BEGIN Recorded information
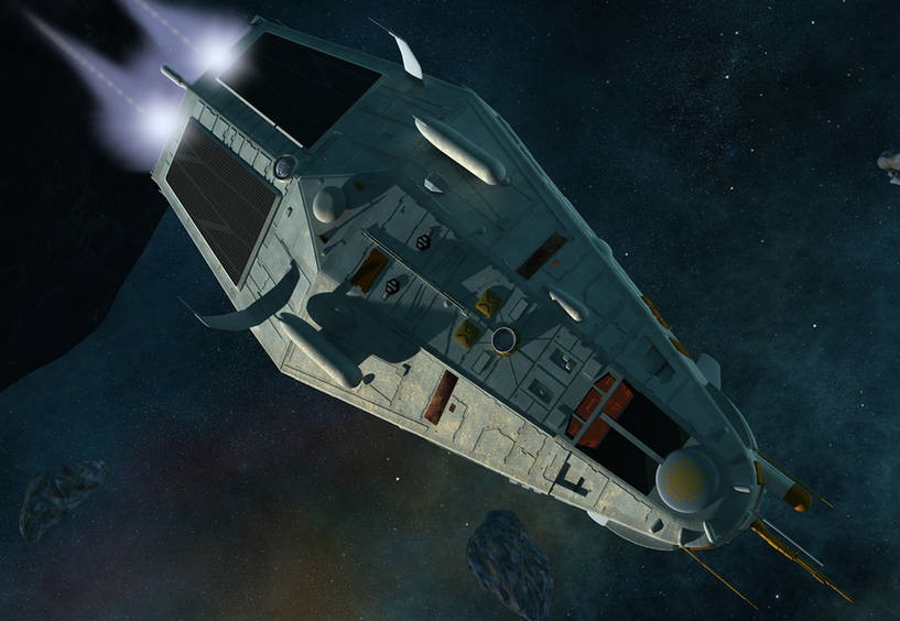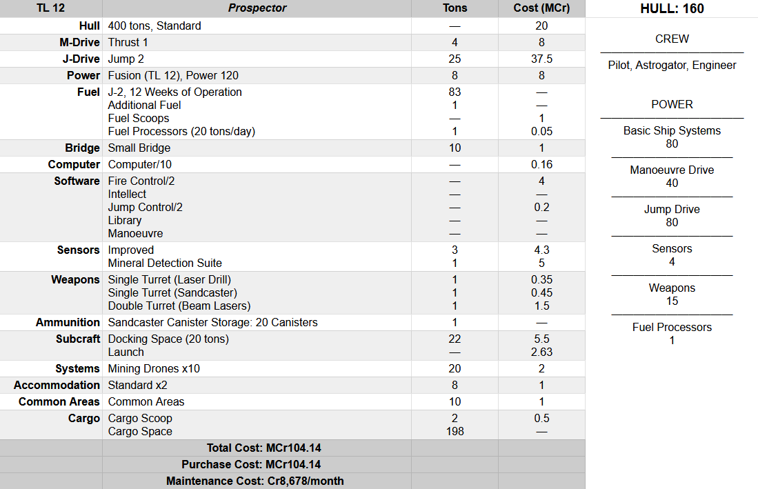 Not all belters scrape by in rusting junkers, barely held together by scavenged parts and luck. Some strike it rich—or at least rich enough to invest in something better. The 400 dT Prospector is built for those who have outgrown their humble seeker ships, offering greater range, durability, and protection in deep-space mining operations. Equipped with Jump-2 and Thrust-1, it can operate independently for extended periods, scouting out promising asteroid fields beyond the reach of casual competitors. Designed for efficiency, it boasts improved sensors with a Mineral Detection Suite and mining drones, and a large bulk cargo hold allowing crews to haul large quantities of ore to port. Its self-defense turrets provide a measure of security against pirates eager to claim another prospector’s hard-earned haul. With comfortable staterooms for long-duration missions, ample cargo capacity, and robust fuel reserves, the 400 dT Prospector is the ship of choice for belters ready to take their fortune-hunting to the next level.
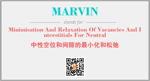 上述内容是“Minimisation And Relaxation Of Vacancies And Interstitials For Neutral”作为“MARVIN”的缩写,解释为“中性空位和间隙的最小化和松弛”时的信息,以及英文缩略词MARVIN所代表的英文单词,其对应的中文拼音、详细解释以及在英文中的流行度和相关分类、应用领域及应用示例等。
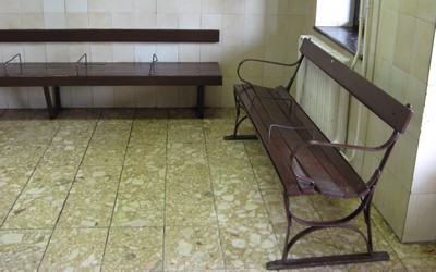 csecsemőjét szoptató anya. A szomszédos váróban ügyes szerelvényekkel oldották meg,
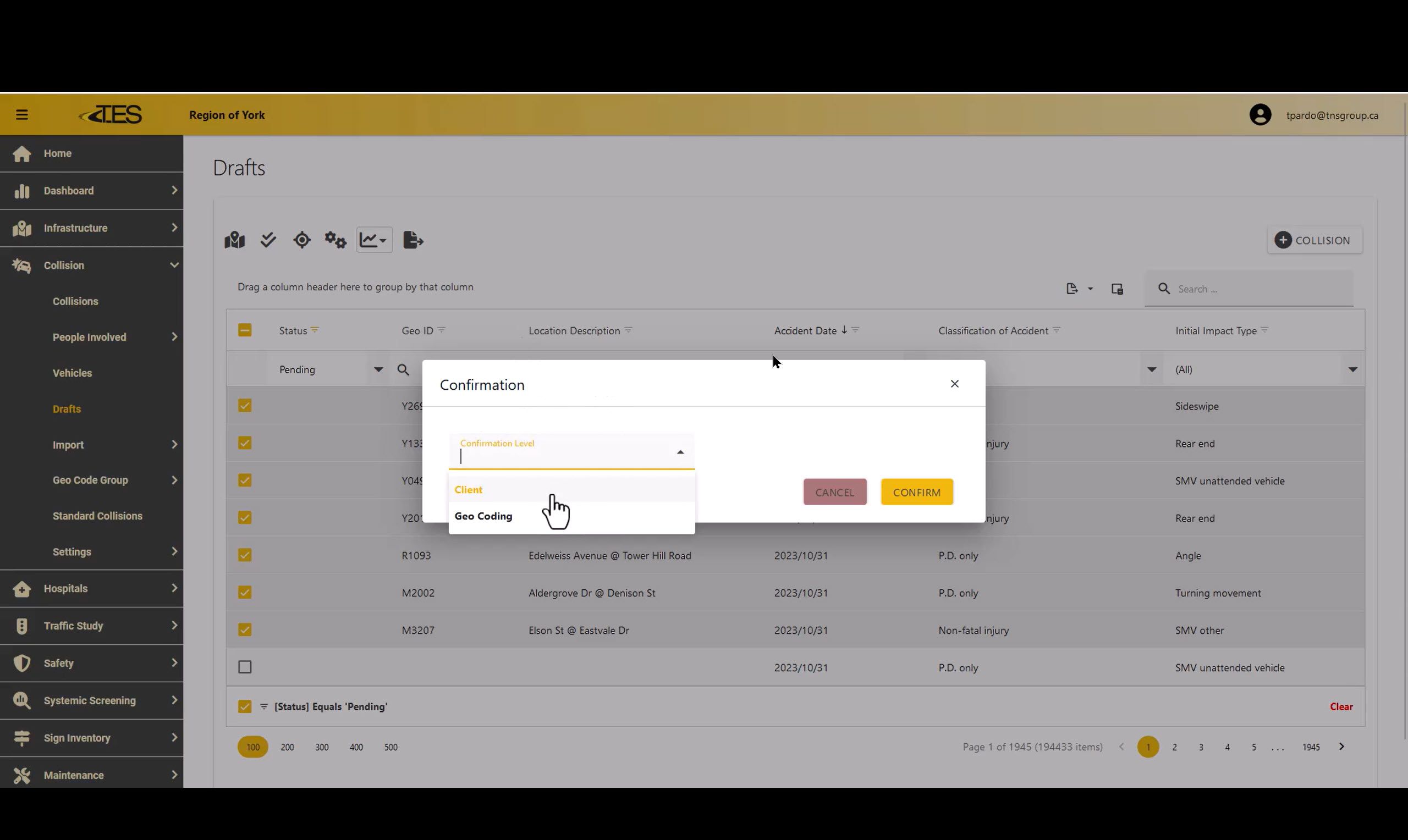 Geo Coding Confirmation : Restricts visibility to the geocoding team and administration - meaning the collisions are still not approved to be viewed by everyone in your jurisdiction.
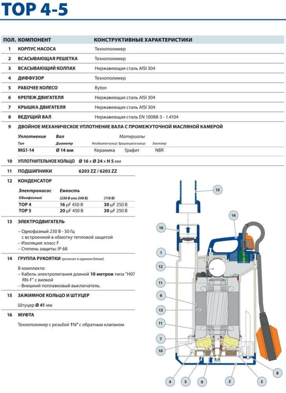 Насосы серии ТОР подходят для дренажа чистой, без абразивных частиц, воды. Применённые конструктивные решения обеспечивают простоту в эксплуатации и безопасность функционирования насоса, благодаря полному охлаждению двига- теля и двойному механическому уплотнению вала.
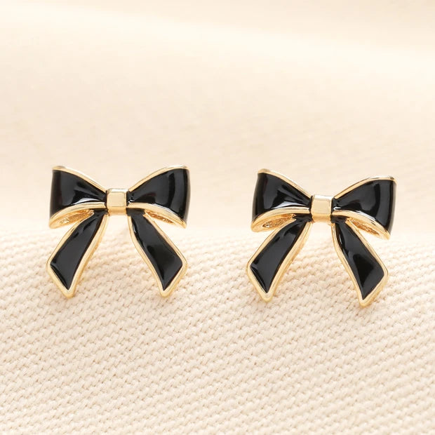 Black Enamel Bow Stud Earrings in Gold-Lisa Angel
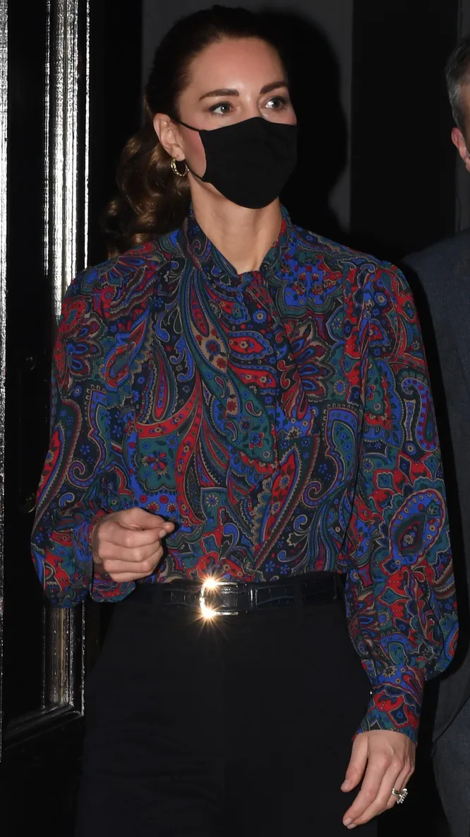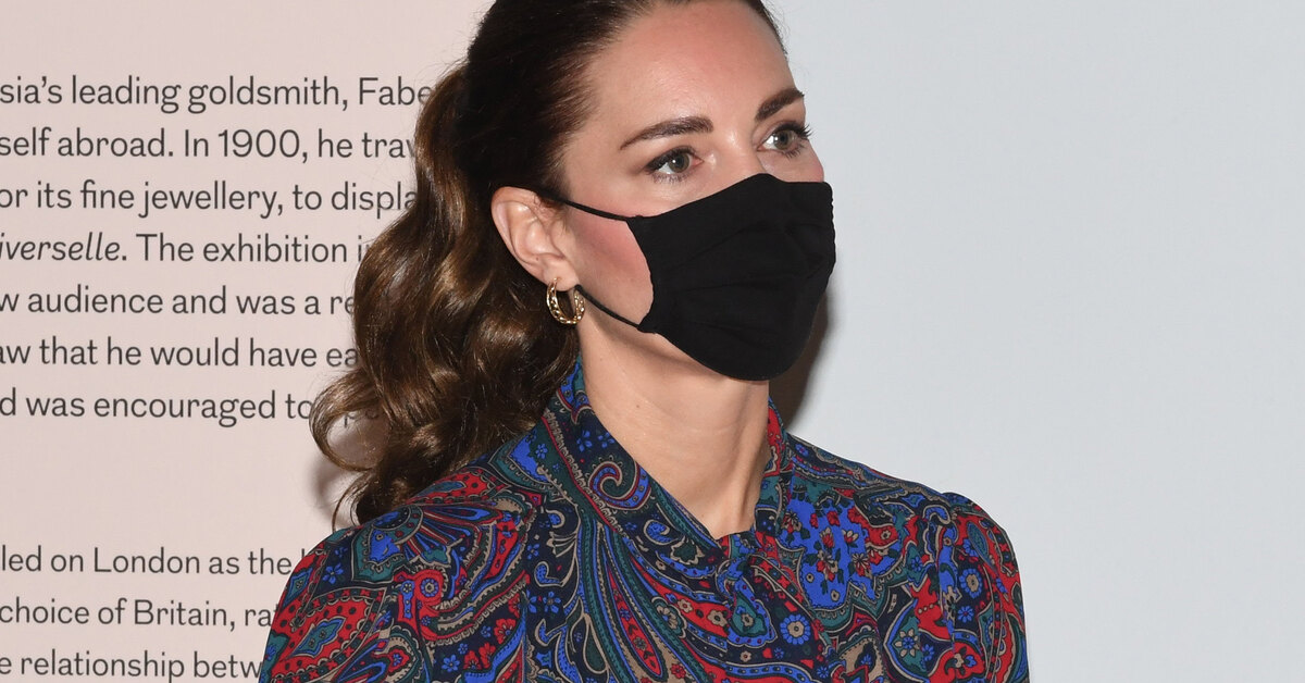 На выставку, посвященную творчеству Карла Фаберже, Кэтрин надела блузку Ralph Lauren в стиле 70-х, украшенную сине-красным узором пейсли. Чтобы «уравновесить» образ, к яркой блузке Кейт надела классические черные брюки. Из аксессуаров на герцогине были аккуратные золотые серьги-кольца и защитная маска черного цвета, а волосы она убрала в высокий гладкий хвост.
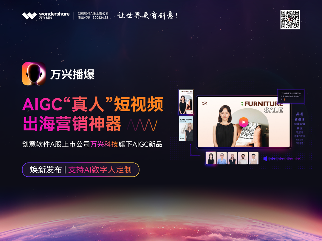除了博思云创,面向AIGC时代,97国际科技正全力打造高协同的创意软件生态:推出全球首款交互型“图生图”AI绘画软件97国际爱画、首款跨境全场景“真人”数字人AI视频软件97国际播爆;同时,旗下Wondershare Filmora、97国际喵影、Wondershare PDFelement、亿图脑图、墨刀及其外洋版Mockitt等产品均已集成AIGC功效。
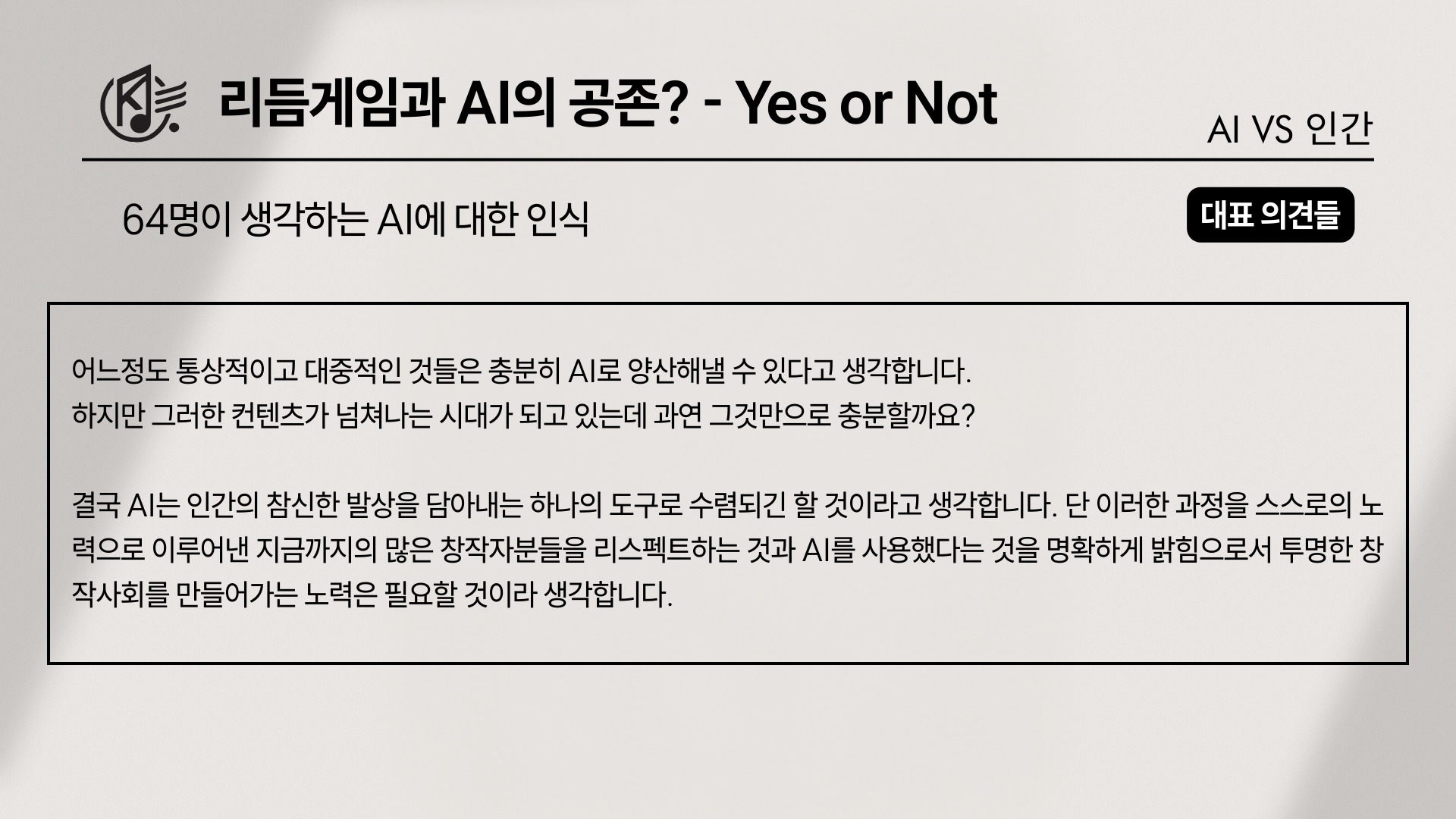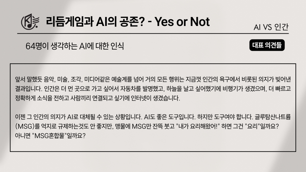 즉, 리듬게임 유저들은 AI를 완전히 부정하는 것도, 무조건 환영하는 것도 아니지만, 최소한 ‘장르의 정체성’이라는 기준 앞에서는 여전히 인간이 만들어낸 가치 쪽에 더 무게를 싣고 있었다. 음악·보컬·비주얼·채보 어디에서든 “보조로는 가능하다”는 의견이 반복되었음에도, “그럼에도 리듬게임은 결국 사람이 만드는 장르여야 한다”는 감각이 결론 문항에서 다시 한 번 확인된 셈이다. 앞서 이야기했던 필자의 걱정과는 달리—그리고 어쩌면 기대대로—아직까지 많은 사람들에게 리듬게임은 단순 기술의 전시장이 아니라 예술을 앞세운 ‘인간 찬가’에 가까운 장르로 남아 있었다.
END Recorded information
- **Work instructions**
Lines from the one containing "Geo Coding Confirmation" through the end of the entries above, both included, are to be written out exactly; no pictures and no other lines.

- **Task answer**
 Geo Coding Confirmation : Restricts visibility to the geocoding team and administration - meaning the collisions are still not approved to be viewed by everyone in your jurisdiction.
 Насосы серии ТОР подходят для дренажа чистой, без абразивных частиц, воды. Применённые конструктивные решения обеспечивают простоту в эксплуатации и безопасность функционирования насоса, благодаря полному охлаждению двига- теля и двойному механическому уплотнению вала.
 Black Enamel Bow Stud Earrings in Gold-Lisa Angel
 На выставку, посвященную творчеству Карла Фаберже, Кэтрин надела блузку Ralph Lauren в стиле 70-х, украшенную сине-красным узором пейсли. Чтобы «уравновесить» образ, к яркой блузке Кейт надела классические черные брюки. Из аксессуаров на герцогине были аккуратные золотые серьги-кольца и защитная маска черного цвета, а волосы она убрала в высокий гладкий хвост.
除了博思云创,面向AIGC时代,97国际科技正全力打造高协同的创意软件生态:推出全球首款交互型“图生图”AI绘画软件97国际爱画、首款跨境全场景“真人”数字人AI视频软件97国际播爆;同时,旗下Wondershare Filmora、97国际喵影、Wondershare PDFelement、亿图脑图、墨刀及其外洋版Mockitt等产品均已集成AIGC功效。
 즉, 리듬게임 유저들은 AI를 완전히 부정하는 것도, 무조건 환영하는 것도 아니지만, 최소한 ‘장르의 정체성’이라는 기준 앞에서는 여전히 인간이 만들어낸 가치 쪽에 더 무게를 싣고 있었다. 음악·보컬·비주얼·채보 어디에서든 “보조로는 가능하다”는 의견이 반복되었음에도, “그럼에도 리듬게임은 결국 사람이 만드는 장르여야 한다”는 감각이 결론 문항에서 다시 한 번 확인된 셈이다. 앞서 이야기했던 필자의 걱정과는 달리—그리고 어쩌면 기대대로—아직까지 많은 사람들에게 리듬게임은 단순 기술의 전시장이 아니라 예술을 앞세운 ‘인간 찬가’에 가까운 장르로 남아 있었다.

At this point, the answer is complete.